小伙儿发现纪川眼睛定定看着自己,愣了两秒,往上扯了扯围巾,后退半步,却撞上人墙,后面的人群把他抵得死死的。
纪川朝他摆手,“过来。”
小伙儿丢下烟屁股,用鞋尖捻灭,挤过前排,围巾包住脸,压低帽檐走上前。
纪川叫他附耳过来,摁住他肩膀,低声道:“跟了一宿还不累?”
小伙儿一惊,肩膀猛地用力去挣!却被死死摁在原地,一动不能动。他难以置信地抬眼看纪川。
“不要质疑任何一名刑警。”纪川压低声音,“刚带头说我在车里的也是你,对吧?”他伸出另一只手,帮小伙儿轻轻掸掉衣领的雪沫,“再说一句我不想听的,我可能会忍不住告诉他们——你根本不是记者。”
惊诧的表情在小伙儿眼中一闪而过,他正了下帽檐轻哼一声,扭头冲出人群。
大家对小伙儿并不感冒,注意力都锁定在纪川身上,“警官,按照你的说法,是掌握了作案工具吗?”
“还是有了嫌疑人线索啊?”
“嗡嗡嗡……”纪川手机忽然震起来。
他看向七嘴八舌的人群,“我说了,不会回答你们任何问题。但希望你们明确一点:清河区没有破不了的命案。”
纪川说完立刻坐回车里掏出手机,“喂?老刘?”
刘哲语气急促,“川儿,你在哪儿?”
纪川只思考了0.1秒,决定掩盖自己不堪的经历,“那个……怎么了?”
“赶紧回来!”
纪川挂断电话,翻出一个号码,开始打字:“帮我查下这两个人的信息……”
***
大小不一的人头,在许默的视线里渐渐模糊,最后,在雪白的后车窗上拖成一条条暗沉的黑线。

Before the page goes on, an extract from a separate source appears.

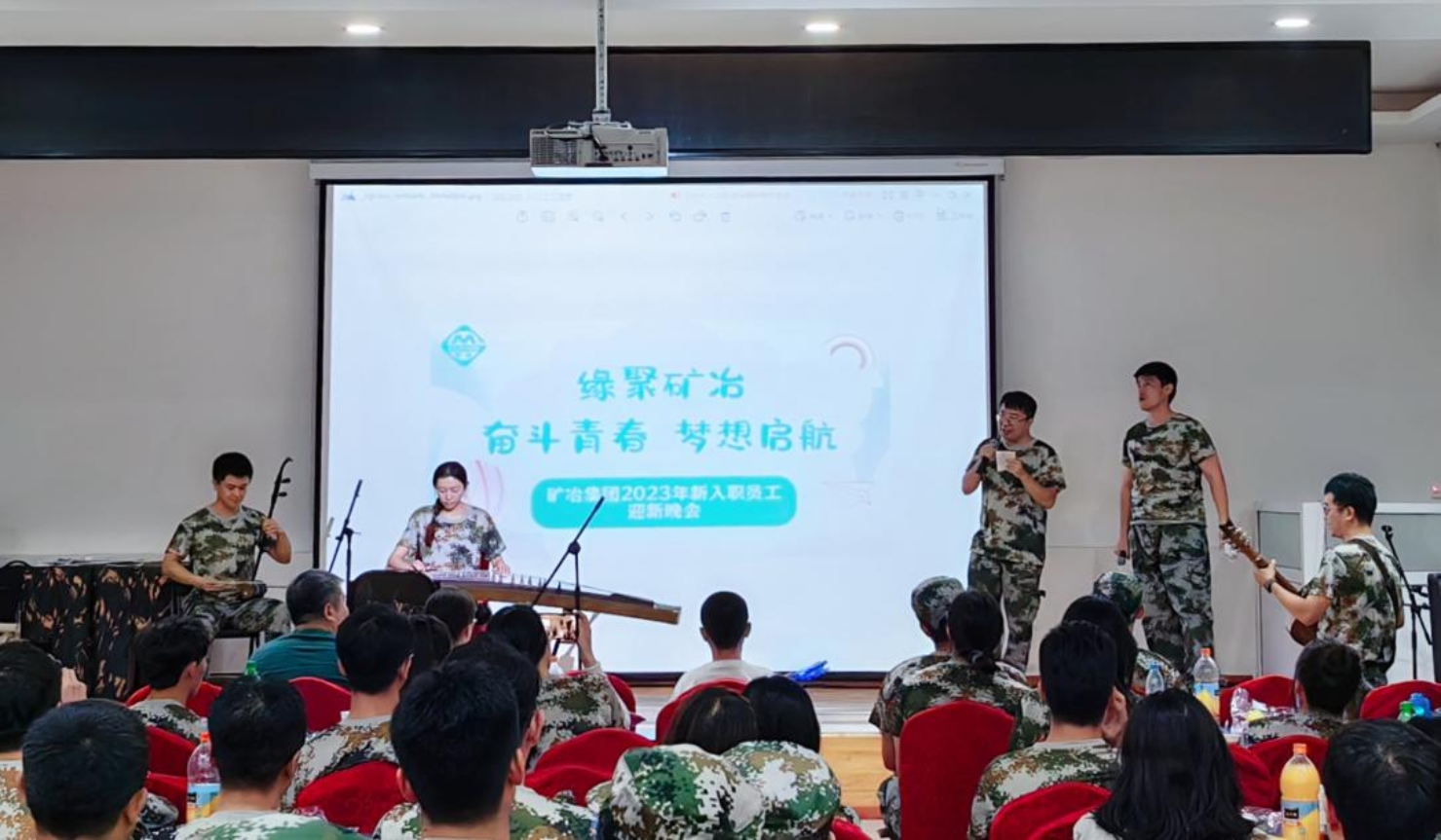 户外军事化训练期间,集团团委联合工会于8月19日晚在训练基地组织举办了“缘聚矿冶 奋斗青春 梦想启航”新入职员工迎新晚会,该活动是由全体新员工自编自导,在紧张的培训课余,编排了独唱、合唱、乐器等形式多样的文艺节目,为大家呈现了一场精彩的视听盛宴,在充分展示新员工青春风采的同时,营造了活泼温暖的沟通交流氛围,减少了新员工之间的陌生感,通过相互合作,增进彼此了解,帮助和激励他们以脚踏实地、积极向上、团结奋斗的心态面对今后的工作和生活,迅速融入九州体育大家庭。

“那个林笑恐怕以后没法在大报社待了。都是同事,小丫头,你这手段没必要这么恶毒吧!”柯红仰靠在后排座椅上,仍旧拿出一个没有标识的小瓶一饮而尽。
许默想了想林笑给人的印象,自来熟,有时心细入微,偶尔真诚甜美;关键时刻,可以撒娇,能坐大腿。本来确实没有必要,但人有时就是不能犯错,尤其那种致命的错误。
柯红对着化妆镜开始补妆,“事儿帮你办完了,前面左转,给我送到青林大街36号的咖啡厅。”
许默摁灭兜里嗡嗡的手机,懒得搭理柯红的阴阳怪气和假装失忆,一打轮拐上了二环高架桥。
“你要去哪儿?”口红一下滑出唇线,柯红秀眉倒立。
这次许默答得很爽快,“兑现你的承诺。”
柯红斜睨着许默,“什么承诺?你还当真了!你说的什么东西,我没有!有也不可能给你!”
许默看着前方,全速行进,全做没听到。
哪知后脖颈突然被死死抓住,锋利的指甲陷入皮肤,钝痛钻心,“许默,你有病吧?当我不知道?清河二中的事件根本不是什么林笑采的,跟现场的一直是你!今天你非要反咬一口,让我承诺重新调查,到底想干什么?你怎么就那么跟我过不去!”
许默没动,柯红却毫不手软,仿佛要将一早上的怒气全部发泄出来。颈部的疼痛一下重似一下,反胃的感觉陡然袭来,她浑身打了个寒颤,用力握紧方向盘,踩下油门。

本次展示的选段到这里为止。